4.3.1 Name-based Field Index Mapping
At startup, the Fortran bridge will populate parallel arrays of Omega
field names and driver column indices and pass them into
CouplingInitParams::ImportIdx/ExportIdx. This approach is
driver-agnostic: MCT and MOAB differ only in how column indices are
obtained.
4.4 Interval Accumulation
Export fields accumulate a running average each ocean timestep via
Welford’s algorithm (3), in native Omega units; SSH is read directly
from its source at export time instead of being accumulated. Unit
conversion (4.2.5) is deferred to copyToHost/exportToCoupler, so it
runs once per interval rather than once per accumulation step.
exportToCoupler resets all accumulators after packing, so no separate
reset call is needed in the run loop. Interval summation (as opposed to
averaging), needed for flux-like fields, is not yet implemented; it can
reuse NAccumSteps (average x steps) or a dedicated accumulation path
once flux fields are added.
4.5 Extensibility
To add a new coupling field:
Add an
Array1DReal/HostArray1DRealmember toCplToOcnFieldsorOcnToCplFieldsinSfcCoupling.h, and initialize it in the corresponding constructorAdd an unpack/pack call in
importFromCoupler/exportToCoupler(and, for export fields, an update inupdateExportFields)Add the name/index entry in the Fortran bridge file
Fill the field in
applyImportFields()orupdateExportFields()
No changes to method signatures or ordering constraints are needed.
5 Verification and Testing
5.1 Test: Import round-trip
Attach synthetic x2o buffers with known, cell-varying values, call
importFromCoupler, and verify the CplToOcn arrays match expected
values. Test both MCT and MOAB layouts.
tests requirement 2.1, 2.2, 2.5
5.2 Test: Apply imported fields to Forcing
Populate CplToOcn arrays directly, call applyImportFields, and verify
the owned-cell subview of the matching Forcing arrays matches.

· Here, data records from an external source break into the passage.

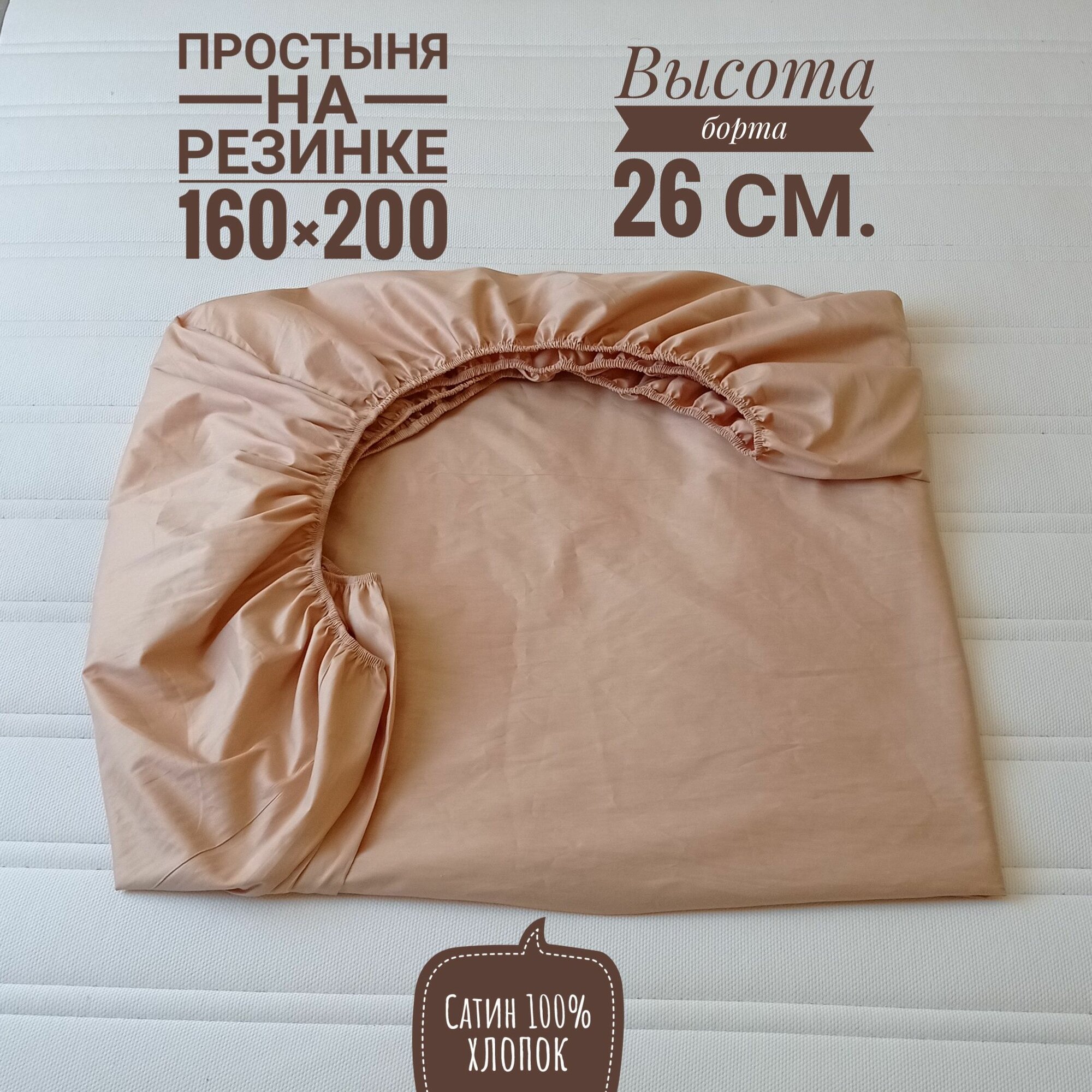 10 цен на Простыня на резинке KA-textile 160х200, Сатин, Жареный миндаль
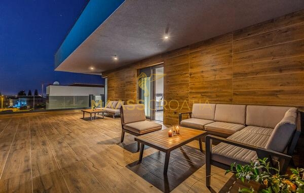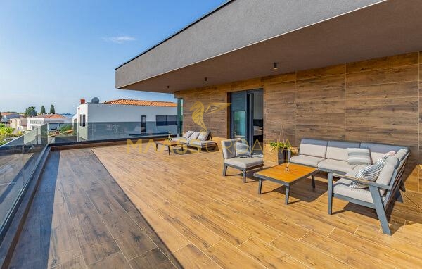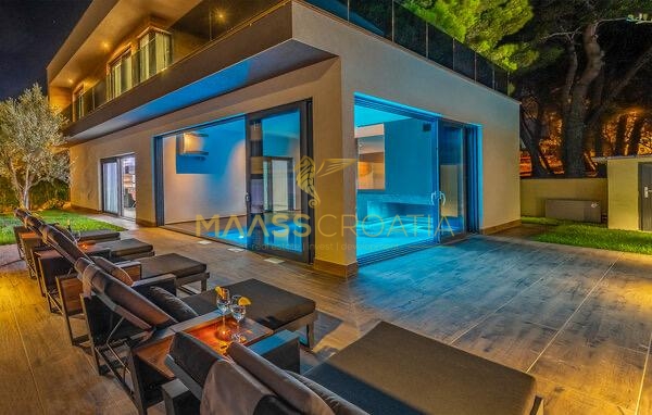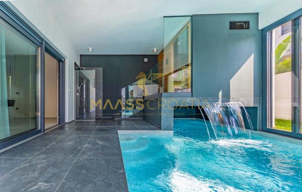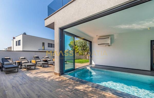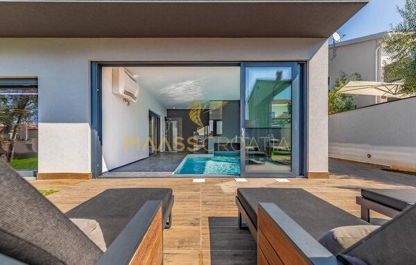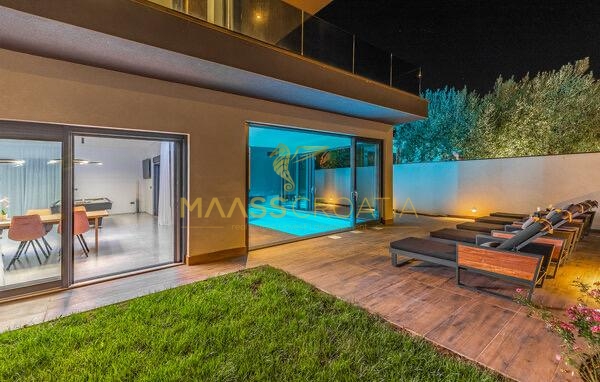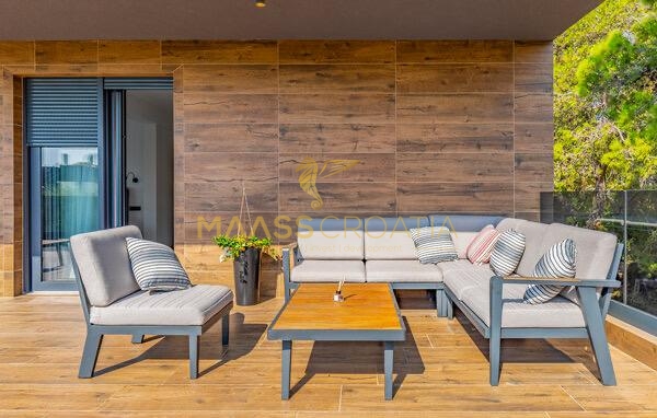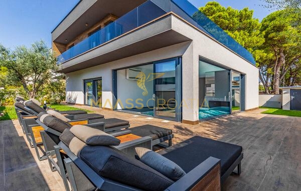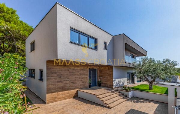 In vendita una villa moderna con piscina, a soli 200 metri dalla spiaggia. La villa ha 285 m² di superficie abitabile ed è situata su un terreno di 480 m² circondato da pini.
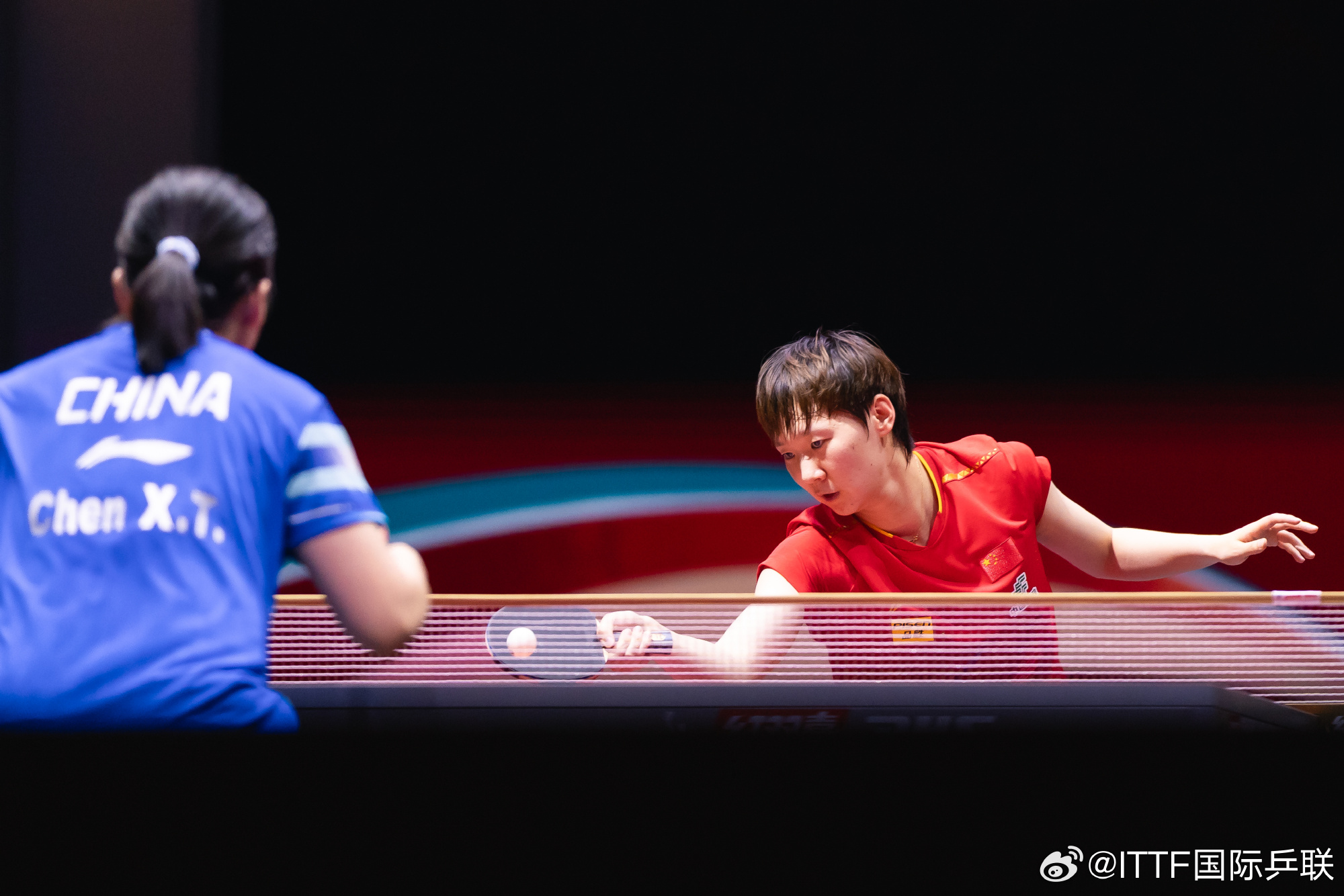 半决赛,孙颖莎与老对手伊藤美诚相遇。整场比赛,孙颖莎牢牢掌握正手进攻的主动权,最终以4:0零封对手,入围决赛。赛后孙颖莎说:“能和队友顺利会师是非常好的结局。不论结果如何,我都会全力以赴珍惜比赛中的每一分。”
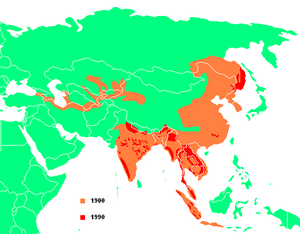 الانتشار الحالي      الانتشار في أواخر ع1800
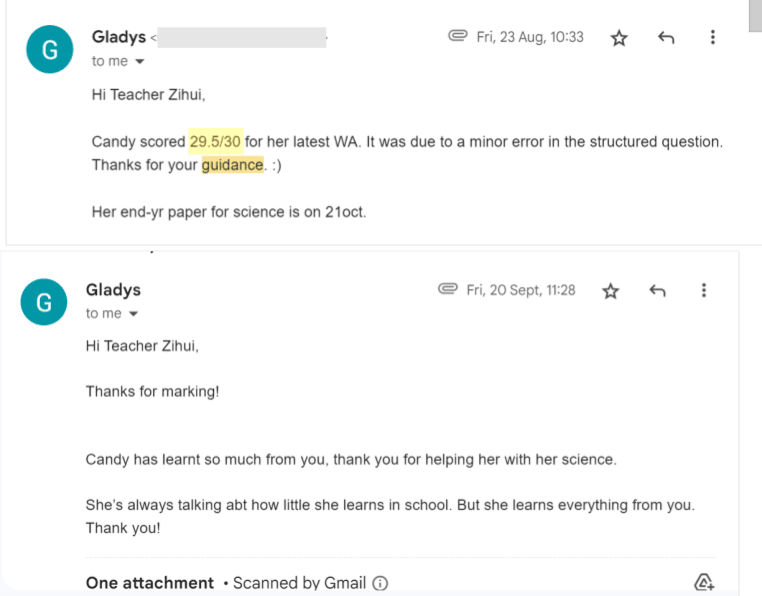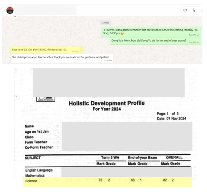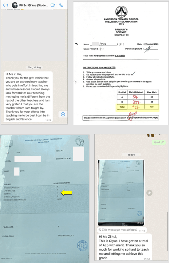“Hi Teacher Zihui, D received his prelim papers. He scored 89/100. Thank you — he enjoyed the lessons a lot and learnt so much from you. It’s a good booster for him!”

tests requirement 2.1, 2.4
5.3 Test: Running-average accumulation and conversion
Advance the model clock through a known number of ocean timesteps within
one coupling interval, calling updateExportFields with cell- and
step-varying tracer values each timestep (using the coupling Alarm to
end the loop, as in the sketch in 4.2.4). Verify NAccumSteps matches
the step count and, after copyToHost (the only sanctioned way to read
the averages), the resulting host-mirror averages match the analytic
mean within round-off tolerance. EosType is forced to constant for
the test suite so calcPtFromCt is an identity, isolating the +TkFrz
Kelvin shift; salinity is checked unconverted (practical conversion is a
TODO).
tests requirement 2.4, 2.6, 2.7
5.4 Test: Export round-trip and reset
Populate OcnToCpl averages via updateExportFields (seeded to the
target value using NAccumSteps == 0), call exportToCoupler, and
verify the packed o2x buffer matches expected values (temperature
offset by TkFrz) for both MCT and MOAB layouts. Also verify OcnToCpl
host mirrors and NAccumSteps are zeroed afterward.
tests requirement 2.1, 2.4, 2.5, 2.7
5.5 Test: Object lifecycle
Create a non-default, named SfcCoupling, verify it can be retrieved
with get, erase it, and verify retrieval afterward fails.